Assignment |
Images embedded in the records are excluded; print everything else exactly as given.

START Records supplied

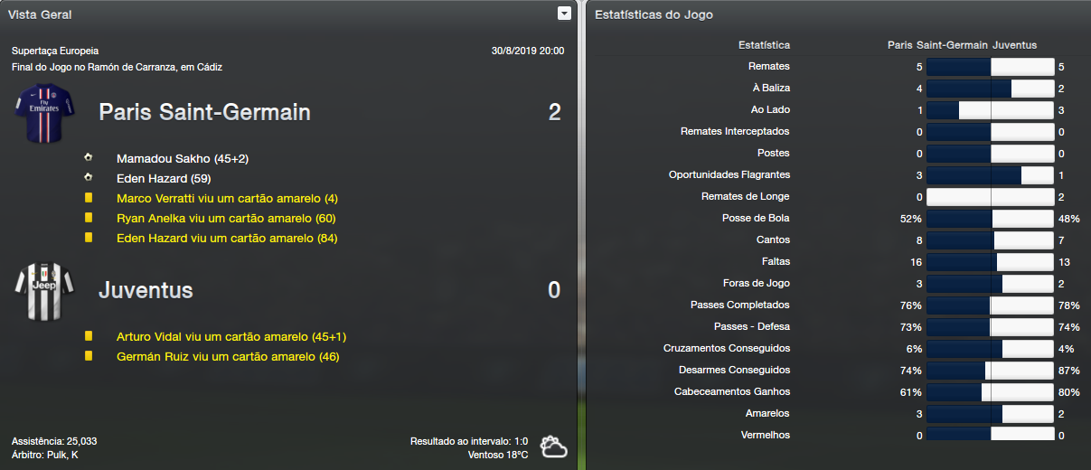 Chegou conquistando um título e com o elenco que tem em mãos, isso é bem importante para dar moral e ânimo aos jogadores. Ainda que sem muita expressão e importância para os clubes europeus, a Supertaça é ótima para um treinador em ascensão conquistar seus objetivos pessoais. Aliás, deu para perceber nas estatísticas que foi um jogo muito truncado e com pouquíssimas chances de gol.
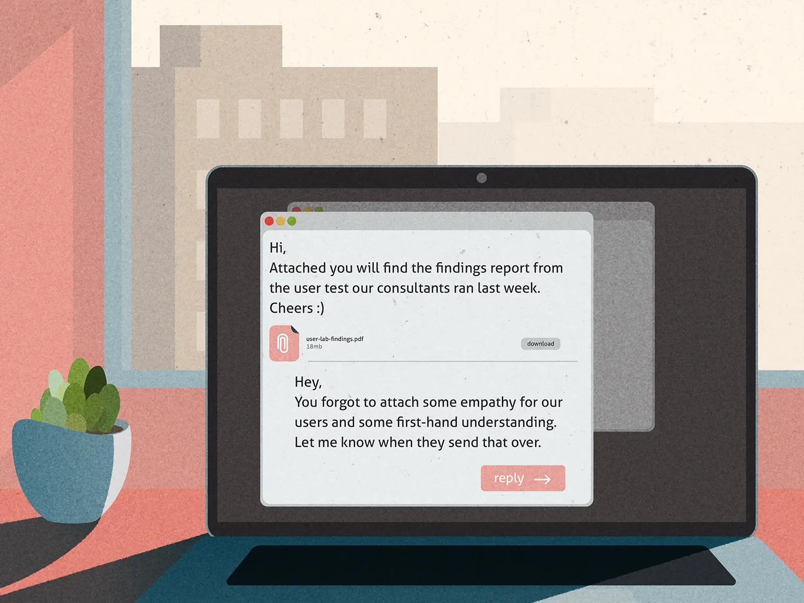 作为设计师,我参与用户研究环节的收获,远比任何经过二次传递的信息更有价值。若不是亲自参与,什么报告都无法向我解释真实用户努力使用产品的动机。即使是设定最完善的用户画像,也无法给我这种同理心,无法与面对面见证真实用户的需求和努力相提并论。
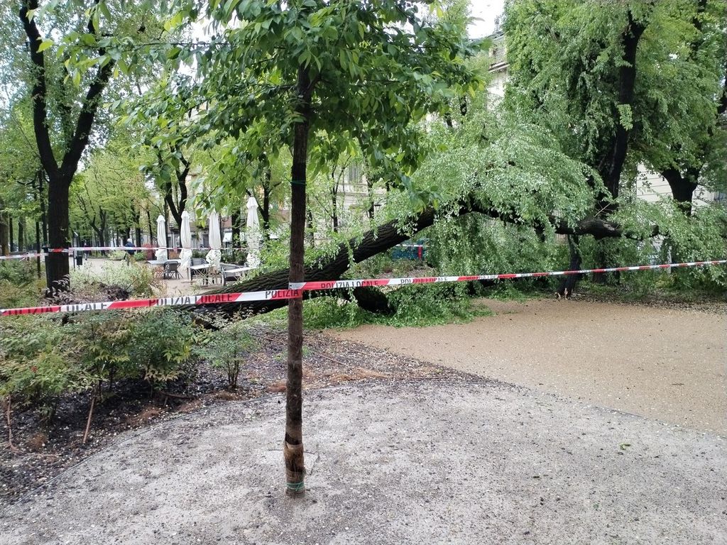 Un albero è crollato, intorno alle 9,30, nel tratto di viale Garibaldi riaperto la scorsa estate: la pianta ha ostruito l'allea pedonale, ora transennata.
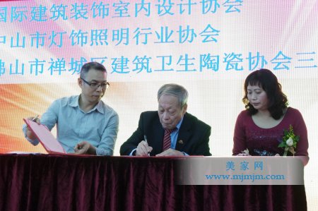 國(guó)際建筑裝飾室內(nèi)設(shè)計(jì)協(xié)會(huì)、中山市燈飾照明行業(yè)協(xié)會(huì)、佛山市禪城區(qū)建筑衛(wèi)生陶瓷協(xié)會(huì)三方戰(zhàn)略合作簽約
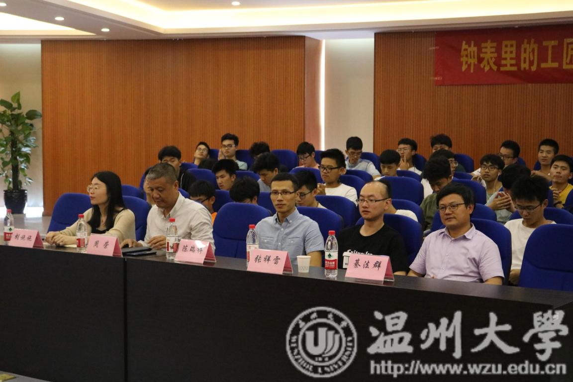 活动伊始,周荣书记为本次讲座致辞,热烈欢迎陈瑞祥先生的到来,还为陈先生颁发温州大学学生就业创业导师聘书。接着,陈先生用视频导入今天的专题讲座。视频中的一位双鬓斑白的手表修复匠人在缓缓讲述钟表的传承和修复技术,在他的身上完美诠释了工匠精神的内涵:精益求精,严谨,一丝不苟,耐心,专注,坚持,专业与敬业。随后,陈瑞祥先生凭借渊博的知识又将我们投掷于世界钟表文化的洪流之中。从日内瓦七艺,到瑞士钟表发展史,千年的历史跨越在陈瑞祥先生的侃侃而谈之中深入浅出地帮我们了解到了钟表文化的前身。除此之外,陈瑞祥先生还为我们普及了罗杰杜比品牌的发展史,讲述了该品牌是如何在传统制作工艺和前卫设计之间实现完美平衡的,十二圆桌骑士腕表惊艳四座正是二者之间完美平衡的结果。陈瑞祥先生渊博多才且风趣幽默,会议现场笑声连连。时不时提问在座的同学几个小问题,极大活跃了讲座现场的氛围。

END Records supplied

Written answer |
 Chegou conquistando um título e com o elenco que tem em mãos, isso é bem importante para dar moral e ânimo aos jogadores. Ainda que sem muita expressão e importância para os clubes europeus, a Supertaça é ótima para um treinador em ascensão conquistar seus objetivos pessoais. Aliás, deu para perceber nas estatísticas que foi um jogo muito truncado e com pouquíssimas chances de gol.
 作为设计师,我参与用户研究环节的收获,远比任何经过二次传递的信息更有价值。若不是亲自参与,什么报告都无法向我解释真实用户努力使用产品的动机。即使是设定最完善的用户画像,也无法给我这种同理心,无法与面对面见证真实用户的需求和努力相提并论。
 Un albero è crollato, intorno alle 9,30, nel tratto di viale Garibaldi riaperto la scorsa estate: la pianta ha ostruito l'allea pedonale, ora transennata.
 國(guó)際建筑裝飾室內(nèi)設(shè)計(jì)協(xié)會(huì)、中山市燈飾照明行業(yè)協(xié)會(huì)、佛山市禪城區(qū)建筑衛(wèi)生陶瓷協(xié)會(huì)三方戰(zhàn)略合作簽約
 活动伊始,周荣书记为本次讲座致辞,热烈欢迎陈瑞祥先生的到来,还为陈先生颁发温州大学学生就业创业导师聘书。接着,陈先生用视频导入今天的专题讲座。视频中的一位双鬓斑白的手表修复匠人在缓缓讲述钟表的传承和修复技术,在他的身上完美诠释了工匠精神的内涵:精益求精,严谨,一丝不苟,耐心,专注,坚持,专业与敬业。随后,陈瑞祥先生凭借渊博的知识又将我们投掷于世界钟表文化的洪流之中。从日内瓦七艺,到瑞士钟表发展史,千年的历史跨越在陈瑞祥先生的侃侃而谈之中深入浅出地帮我们了解到了钟表文化的前身。除此之外,陈瑞祥先生还为我们普及了罗杰杜比品牌的发展史,讲述了该品牌是如何在传统制作工艺和前卫设计之间实现完美平衡的,十二圆桌骑士腕表惊艳四座正是二者之间完美平衡的结果。陈瑞祥先生渊博多才且风趣幽默,会议现场笑声连连。时不时提问在座的同学几个小问题,极大活跃了讲座现场的氛围。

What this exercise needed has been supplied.